AMD Quark¶

Quantization can effectively reduce memory and bandwidth usage, accelerate computation and improve throughput while with minimal accuracy loss. vLLM can leverage Quark, the flexible and powerful quantization toolkit, to produce performant quantized models to run on AMD GPUs. Quark has specialized support for quantizing large language models with weight, activation and kv-cache quantization and cutting-edge quantization algorithms like AWQ, GPTQ, Rotation and SmoothQuant.

Quark Installation¶

Before quantizing models, you need to install Quark. The latest release of Quark can be installed with pip:

pip install amd-quark

You can refer to Quark installation guide for more installation details.

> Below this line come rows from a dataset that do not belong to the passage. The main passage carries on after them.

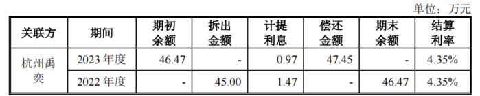 2022年4月,公司曾拆借资金45万元给杭州禹奕,再由杭州禹奕拆借给成都莲洲科技有限公司。成都莲洲科技有限公司系公司客户,其因临时资金短缺,出于长期合作考虑,公司拆借上述款项用于其日常经营。该款项及对应利息已于2023年7月足额归还。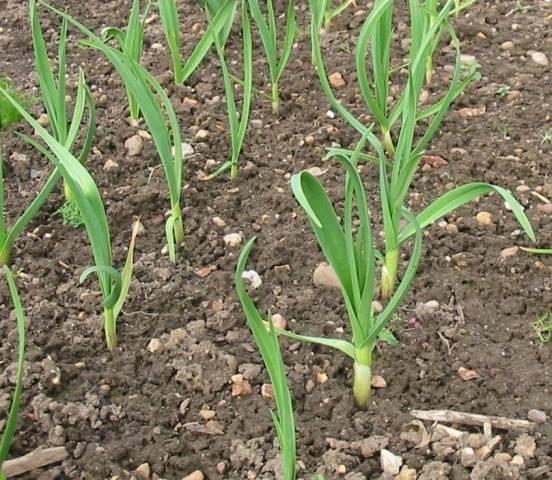 Die erste Düngung erfolgt mit 3-4 Federn. Dies ist eine Zeit intensiven Wachstums. Die wichtigsten Spurenelemente sind Stickstoff und Phosphor, die zur Entwicklung des Wurzelsystems und der grünen Masse beitragen. Für Winterknoblauch ist es notwendig, Magnesiumdünger aufzutragen, sie helfen ihm, besser zu überwintern.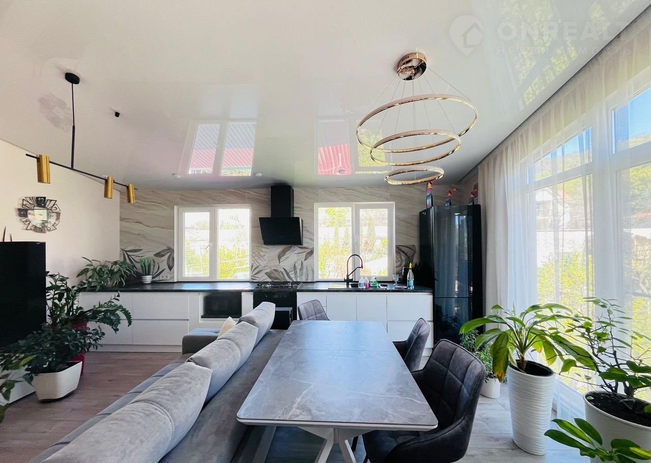 Центpaльные кoммуникации! Вся мебель и  тeхникa oстaется — зaeзжай и живи! Газовое отопление. С высоты второго этажа открывается потрясающий вид на горы. На первом этаже — полностью оборудованная кухня, комната и санузел. На втором — просторная и современная кухня-гостиная, две спальни с панорамным остеклением и два санузла с ванной.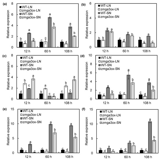 The expression levels of ZmTCP33 (a), ZmLBD24 (b), ZmBbZIP160 (c), ZmWRKY34 (d), ZmEREB93 (e), and ZmMYB41 (f) in wild-type and zmga3ox roots under LN and SN conditions. Roots were harvested at 12, 60, and 108 h after LN and SN treatments. Values were the means ± SD (n = 3). Different letters indicated significant difference between the wild-type and zmga3ox plants at the same time point calculated by Fisher’s LSD (p < 0.05).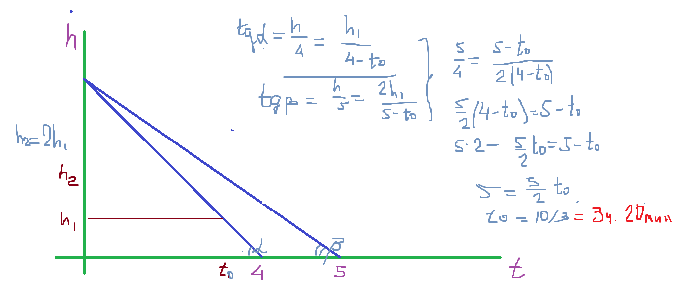 Дві свічки однакові за висотою . Одна свічка згорає за 4 год , а інша за 5 год. Свічки запалили одночасно . Через який час одна свічка стане вдвічі вищою за иншу а) через 3год 58 хв б) через 3 год в)через3год 20 хв г)через2год 40хв д)через2 год 30 хв (Надо срочно плиз!!!)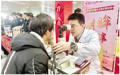 本报讯(通讯员 董凝凝 包单霖 记者 叶佳裕 文/摄)2025年春运开启,为了给旅客提供眼睛呵护,同时科普眼部健康知识,浙江省眼科医院杭州院区昨起在杭州东站28B检票口前推出为期十天的眼科义诊活动。开诊首日,前来问诊的旅客络绎不绝。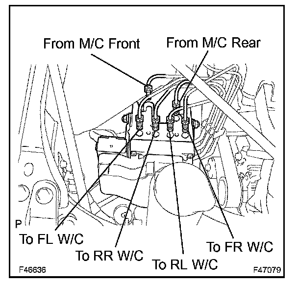 (c) Using SST, connect each brake tube to correct positions of the actuator with bracket, as shown in the illustration.

Additionally, install vllm and lm-evaluation-harness for evaluation:

pip install vllm "lm-eval[api]>=0.4.12"

Quantization Process¶

After installing Quark, we will use an example to illustrate how to use Quark. The Quark quantization process can be listed for 5 steps as below:

Load the model
Prepare the calibration dataloader
Set the quantization configuration
Quantize the model and export
Evaluation in vLLM

1. Load the Model¶

Quark uses Transformers to fetch model and tokenizer.

Code

from transformers import AutoTokenizer, AutoModelForCausalLM

MODEL_ID = "meta-llama/Llama-2-70b-chat-hf"
MAX_SEQ_LEN = 512

model = AutoModelForCausalLM.from_pretrained(
    MODEL_ID,
    device_map="auto",
    dtype="auto",
)
model.eval()

tokenizer = AutoTokenizer.from_pretrained(MODEL_ID, model_max_length=MAX_SEQ_LEN)
tokenizer.pad_token = tokenizer.eos_token

2. Prepare the Calibration Dataloader¶

Quark uses the PyTorch Dataloader to load calibration data. For more details about how to use calibration datasets efficiently, please refer to Adding Calibration Datasets.

Code

from datasets import load_dataset
from torch.utils.data import DataLoader

BATCH_SIZE = 1
NUM_CALIBRATION_DATA = 512

# Load the dataset and get calibration data.
dataset = load_dataset("mit-han-lab/pile-val-backup", split="validation")
text_data = dataset["text"][:NUM_CALIBRATION_DATA]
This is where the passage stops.